In light of the COVID-19 crisis that has put most of Europe in lockdown, SolarPower Europe held a webinar on 9 April that addressed the impact of the virus on the European solar sector, with panellists representing solar manufacturing companies and associations from some of Europe’s most heavily affected regions.
Alessio Cipullo, European Affairs and Studies at Elettricità Futura, said: “The COVID-19 emergency is a global challenge for the entire power sector. Our members at Elettricità Futura are showing resilience in facing the situation, and they are working to maximise solar production. The energy transition process, National Energy and Climate Plans, and European Green Deal are all excellent tools to promote the post-emergency economic recovery. As such, we expect both National and European Institutions to leverage such tools and remove existing barriers, such as simplifying key permitting procedures.”
Discussing the measures that can help the sector maintain its growth trajectory, José Donoso, General Director at Unión Española Fotovoltaica (UNEF), commented: “Governments must understand that, after COVID-19, the climate emergency will continue, and that at the same time, solar energy is a way to help the economy recover after the present crisis. The solar PV sector is an opportunity to create clean, sustainable economic growth, and long-term employment. But we need auctions as soon as possible, a speeding up of the permitting process, access to finance with good terms, and temporary fiscal advantages for self-consumption.”

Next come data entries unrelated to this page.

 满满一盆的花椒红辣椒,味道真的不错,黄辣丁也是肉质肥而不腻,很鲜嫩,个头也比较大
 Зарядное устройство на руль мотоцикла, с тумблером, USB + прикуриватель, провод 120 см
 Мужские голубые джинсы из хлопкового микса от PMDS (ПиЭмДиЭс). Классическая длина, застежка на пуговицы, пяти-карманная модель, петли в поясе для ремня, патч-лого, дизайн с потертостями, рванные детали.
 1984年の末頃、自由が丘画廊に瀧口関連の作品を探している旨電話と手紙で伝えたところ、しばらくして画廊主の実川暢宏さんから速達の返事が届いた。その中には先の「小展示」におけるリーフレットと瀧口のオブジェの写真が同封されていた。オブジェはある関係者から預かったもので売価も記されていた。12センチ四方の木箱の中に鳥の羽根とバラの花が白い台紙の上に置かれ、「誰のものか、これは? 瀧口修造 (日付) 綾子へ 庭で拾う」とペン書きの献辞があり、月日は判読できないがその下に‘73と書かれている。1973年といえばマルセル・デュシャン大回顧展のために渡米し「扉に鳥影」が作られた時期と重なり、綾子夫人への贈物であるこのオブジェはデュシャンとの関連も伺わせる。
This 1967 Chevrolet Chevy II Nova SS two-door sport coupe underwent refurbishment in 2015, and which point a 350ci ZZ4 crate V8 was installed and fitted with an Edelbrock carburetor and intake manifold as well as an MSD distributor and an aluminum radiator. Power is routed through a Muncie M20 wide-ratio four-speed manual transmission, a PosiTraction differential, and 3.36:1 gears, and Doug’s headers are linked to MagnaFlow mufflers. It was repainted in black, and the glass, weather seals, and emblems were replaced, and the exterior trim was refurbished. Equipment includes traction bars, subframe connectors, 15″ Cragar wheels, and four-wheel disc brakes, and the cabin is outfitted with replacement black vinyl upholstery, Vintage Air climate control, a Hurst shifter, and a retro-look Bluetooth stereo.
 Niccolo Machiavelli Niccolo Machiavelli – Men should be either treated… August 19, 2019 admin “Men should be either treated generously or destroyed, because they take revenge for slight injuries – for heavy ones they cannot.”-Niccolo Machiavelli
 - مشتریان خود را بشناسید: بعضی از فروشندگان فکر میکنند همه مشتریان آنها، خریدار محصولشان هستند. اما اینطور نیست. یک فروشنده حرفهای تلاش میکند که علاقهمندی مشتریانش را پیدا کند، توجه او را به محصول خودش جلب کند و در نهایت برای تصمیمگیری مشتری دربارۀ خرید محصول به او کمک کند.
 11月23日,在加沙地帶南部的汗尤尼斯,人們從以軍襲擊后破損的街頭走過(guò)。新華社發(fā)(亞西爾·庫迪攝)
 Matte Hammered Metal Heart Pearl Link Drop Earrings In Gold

Susannah Wood, Marketing Director at Solarcentury, added: “When we exit this pandemic, we are calling for governments and policymakers to hold the course and stick to climate change pledges, and for solar deployment to be accelerated in order to rapidly cut carbon and boost jobs. Governments can help by streamlining the permitting process and by ensuring that energy markets are designed with renewables and storage at the forefront of their thinking. We’ve proved we can move mountains in the last few months. Let’s apply that ingenuity and spirit to fixing the climate.”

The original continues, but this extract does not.